The judicial career of alumnus Robert L. Wilkins may become more influential after being nominated by President Barack Obama to fill an opening on the federal appeals court bench in Washington, D.C. The 1986 chemical engineering graduate has been a federal judge in the nation's capital for the past two years.
Obama praised Wilkins as a "principled attorney of the utmost integrity," according to media reports.
The federal appeals court has nationwide and even international impact, since many cases relate to the balance of power in Washington, D.C., and review of actions by federal agencies that affect health, safety, and the environment. The D.C. circuit also is grooming grounds for the Supreme Court, with four current justices having served on it.
Wilkins was sworn in as federal district judge in March, 2011, after being confirmed by the U.S. Senate from Obama's nomination. He is one of 12 full-time federal judges serving in the district.
The 1989 Harvard Law School graduate is a former special litigation chief at the District of Columbia Public Defender Service, and a trial and appellate lawyer for the Venable LLP law firm, representing clients in bribery cases, grand jury subpoena investigations and patent infringement suits.

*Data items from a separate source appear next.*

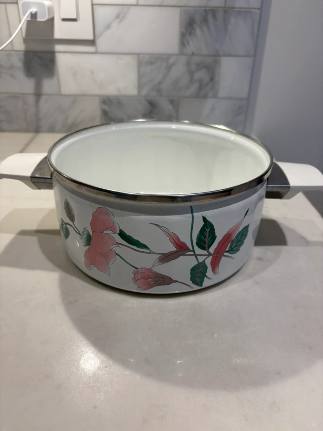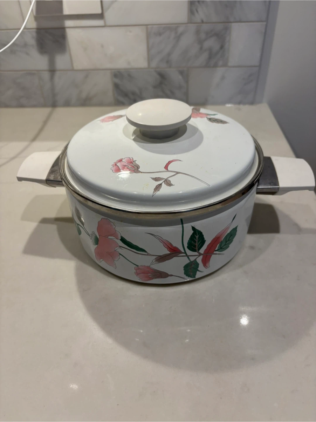 Selling a lovely vintage stock pot. It features a beautiful floral design in pink and green. The pot comes with a matching lid and is perfect for cooking soups, stews, or sauces. It’s in great condition and ready for a new home!
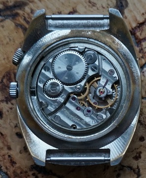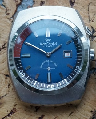 Cette Jean Cardot emboite un calibre 2605 de la Fabrique de Montres de Tchistopol dans un boîtier de type « Compressor » avec une lunette intérieure.
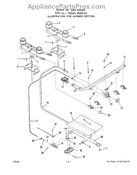 Parts for Roper 1265W0A: 04 - Burner Parts
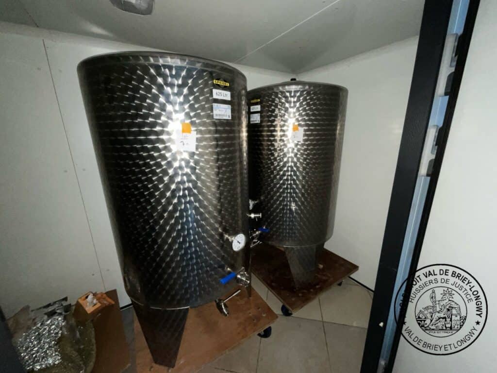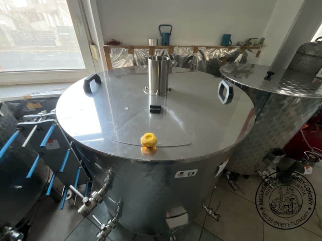 Cuve en inox de fermentation SPEIDEL, 625 litres, avec ses accessoires (vanne papillon avec boule de lavage), en très bon état.
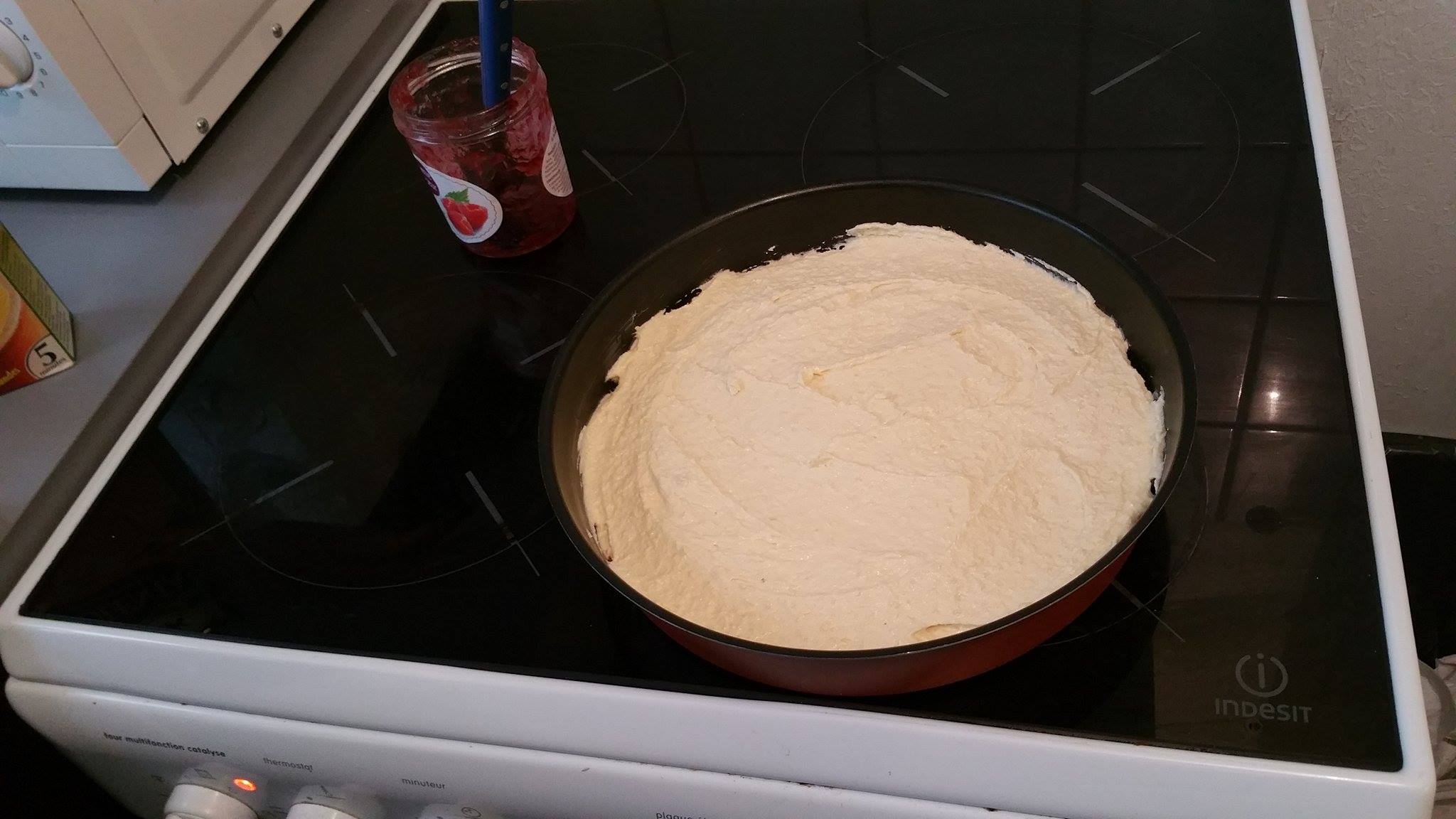 - Pressez la pâte dans le moule et recouvrez-là de confiture
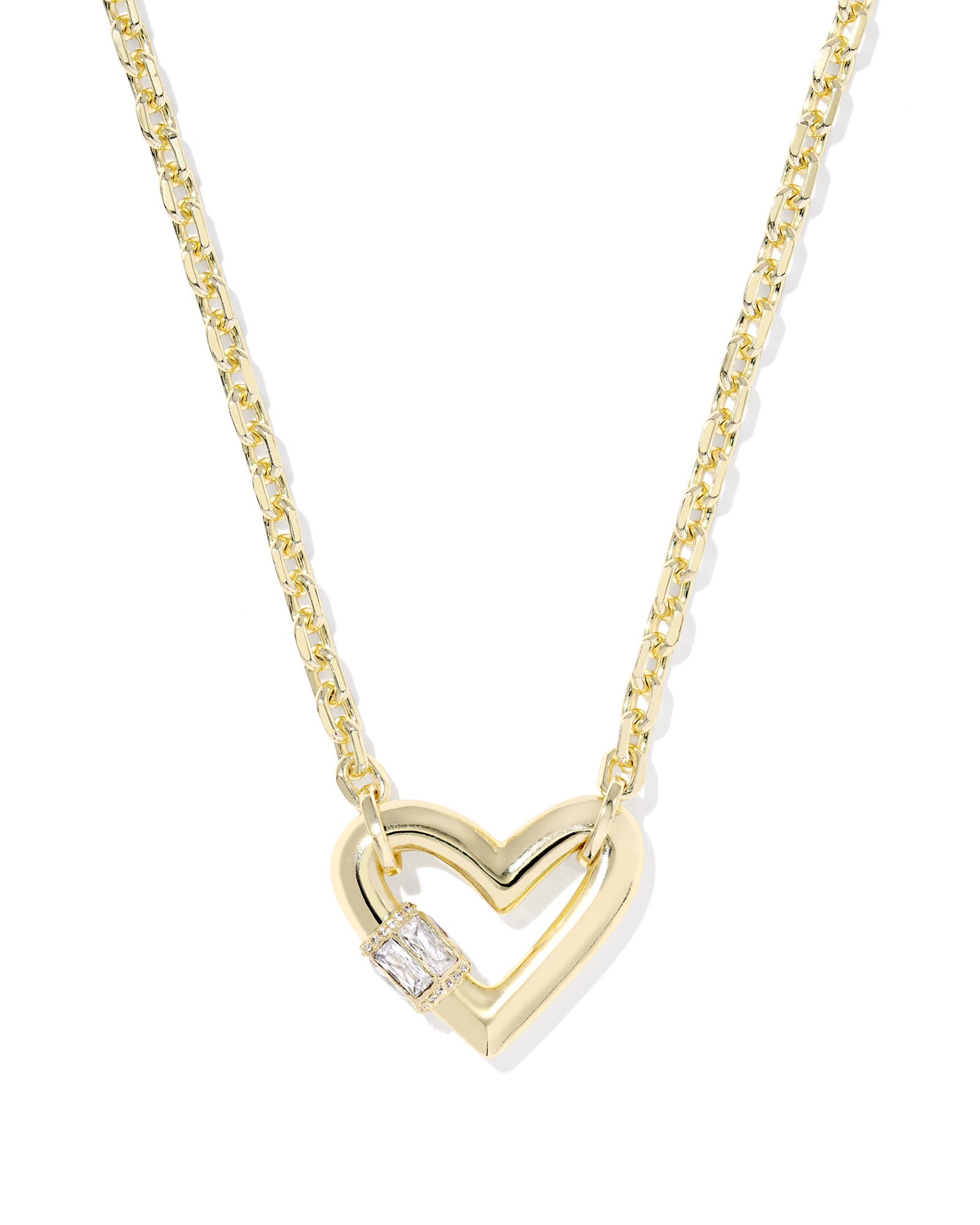 Show some love to your necklace stack with the Emery Heart Gold Short Pendant Necklace. Featuring a bold heart-shaped pendant—inspired by our bestselling Ari silhouette—studded with gorgeous baguette stones for extra sparkle, this necklace is a heartfelt take on the hardware jewelry trend.

He is a founding member of the D.C. Access to Justice Commission, served on the D.C. Advisory Commission on Sentencing, the D.C. Truth-In-Sentencing Commission and the D.C. Juvenile Justice Advisory Group. He specialized in corporate defense/white collar, technology and commercial litigation practice groups.

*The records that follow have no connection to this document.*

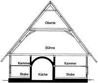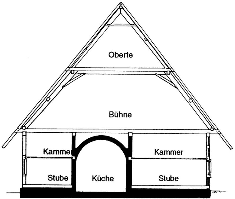 Im Erdgeschoss liegen Stube, Küche, Stüble, ein quer zur Firstrichtung durchlaufender Hausgang, drei Kammern, Stall und zwei Keller.
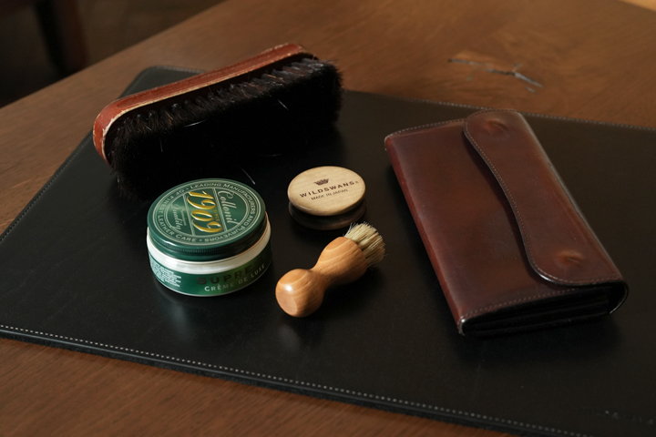 底部分には革が数枚貼り合わされ、末広がりになっていることで安定感があります。この末広がりになっている様子がモデル名CHAPEAU(仏語:帽子)の由来にもなっています。
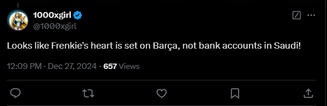 Болельщики «Барселоны» поддержали решение Френки остаться, но некоторые все еще считают, что он упустил шанс перейти в «Манчестер Юнайтед».
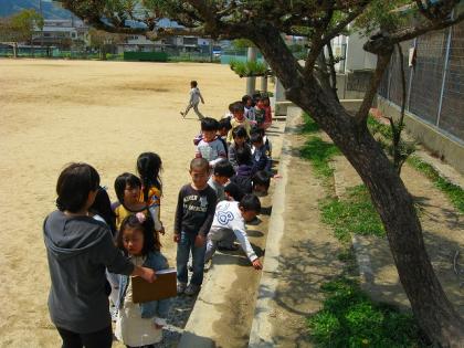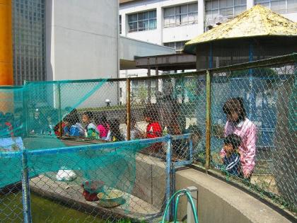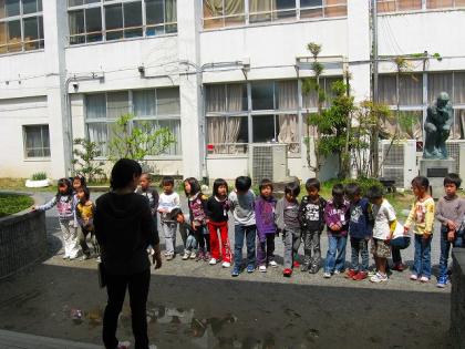 遊具の説明に続いて、中庭・飼育小屋・体育館などのお話を聞きました。

The Legal Times called Wilkins "the office's premier advocate for defendants' rights" and later named him one of the 90 Greatest Washington Lawyers of the Last 30 Years.
A founding member of the D.C. Access to Justice Commission, Wilkins served on the D.C. Advisory Commission on Sentencing, the D.C. Truth-In-Sentencing Commission and the D.C. Juvenile Justice Advisory Group. He joined Venable in 2002 and has represented clients in bribery cases, grand jury subpoena investigations and patent infringement suits.

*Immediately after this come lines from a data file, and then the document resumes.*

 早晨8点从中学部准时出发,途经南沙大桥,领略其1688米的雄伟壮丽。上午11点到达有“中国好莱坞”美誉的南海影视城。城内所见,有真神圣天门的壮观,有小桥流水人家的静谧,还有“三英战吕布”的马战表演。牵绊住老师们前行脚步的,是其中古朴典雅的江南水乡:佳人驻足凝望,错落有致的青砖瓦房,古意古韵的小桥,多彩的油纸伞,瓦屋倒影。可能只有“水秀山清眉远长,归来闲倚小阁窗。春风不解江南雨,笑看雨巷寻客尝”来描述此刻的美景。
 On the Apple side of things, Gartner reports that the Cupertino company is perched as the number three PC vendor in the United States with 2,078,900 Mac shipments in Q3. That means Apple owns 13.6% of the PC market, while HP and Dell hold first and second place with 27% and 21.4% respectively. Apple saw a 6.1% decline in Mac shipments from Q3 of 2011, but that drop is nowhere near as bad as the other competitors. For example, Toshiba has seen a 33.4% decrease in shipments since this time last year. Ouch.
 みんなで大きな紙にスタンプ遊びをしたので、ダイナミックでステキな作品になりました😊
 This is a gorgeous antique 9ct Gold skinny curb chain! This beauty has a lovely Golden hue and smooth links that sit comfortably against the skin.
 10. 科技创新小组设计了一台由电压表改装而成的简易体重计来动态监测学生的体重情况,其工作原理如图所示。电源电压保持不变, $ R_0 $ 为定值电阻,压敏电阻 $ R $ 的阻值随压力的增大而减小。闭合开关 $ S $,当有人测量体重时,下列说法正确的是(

Wilkins’ career has also featured him serving as president of the National African American Museum & Cultural Complex, helping to plan and create the National Museum of African American History and Culture within the Smithsonian Institution. He formed a non-profit corporation that helped establish a Presidential Commission to plan the museum, and then chaired its site and building committee. The museum is set to open in 2014.
At Rose-Hulman, Wilkins received the Herman A. Moench Distinguished Senior Commendation during the 1986 commencement. He also received the Rose-Hulman Alumni Association's Honor Alumnus Award in 2005 for his service to his alma mater and professional achievement.